Signals E₅ and KV₂10 are applied to VI signal means 63 which provides a signal E₆ corresponding to the viscosity index.

An SUS computer 65 receives signal KV₂10 and provides a signal E₇ corresponding to the term SUS in accordance with the received signals and equation 6 as hereinafter explained.

An SUS 210 computer 68 receives signal E₇ and applies signal E₈ corresponding to the term SUS₂10 in accordance with the received signal and equation 7 as hereinafter explained.

A VI_DWC_O computer 70 receives signal KV₂10 API, FL and E₆ and provides a signal E₉ corresponding to the term VI_DWC_O in accordance with the received signals and equation 8 as hereinafter explained.
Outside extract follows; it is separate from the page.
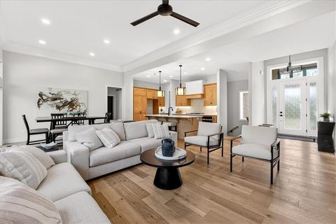 BUILDER MODEL CLOSE out!!! Steel Creek STUNNING ranch/reverse plan with full finished basement on beautiful private lot! Upgrades galore, prepare to be impressed with this large open floorplan with tons of light and designer decor. Kitchen will WOW you with upgraded quartz countertops and designer tile. Primary bedroom and bath with amazing walk in closet! 2 additional bedrooms on the main level (use one for an office!?). Head downstairs to find the incredible rec room and GORGEOUS full bar for all your entertainment needs PLUS large 4th bedroom AND BONUS room!!! Overland Ridge is a Julian development offering a fantastic location, community pool and beautiful setting and great location. Do not miss this quality built home- tour today! More photos coming soon!

A VI_DWC_P computer 72 receives signal E₈ and E₉ and provides a signal E₁0 corresponding to the term VI_DWC_P in accordance with the received signals and equation 9. Subtracting means 76 performs the function of equation 10 by subtracting signal E₁0 from a direct current voltage V₉ corresponding to the term VI_RP, in equation 10, to provide a signal E₁1 corresponding to the term ΔVI in equation 10.

An A computer 78 receives signals API, KV₂10, S, FL and E₆ and provide a signal E₁2 corresponding to a term A, in accordance with the received signals and equation 11, as hereinafter explained.

A J computer 80 receives signals T, E₁1 and E₁2 and provide a signal E₁3 corresponding to the term J in accordance with the received signals and equation 12 as hereinafter explained to a divider 83.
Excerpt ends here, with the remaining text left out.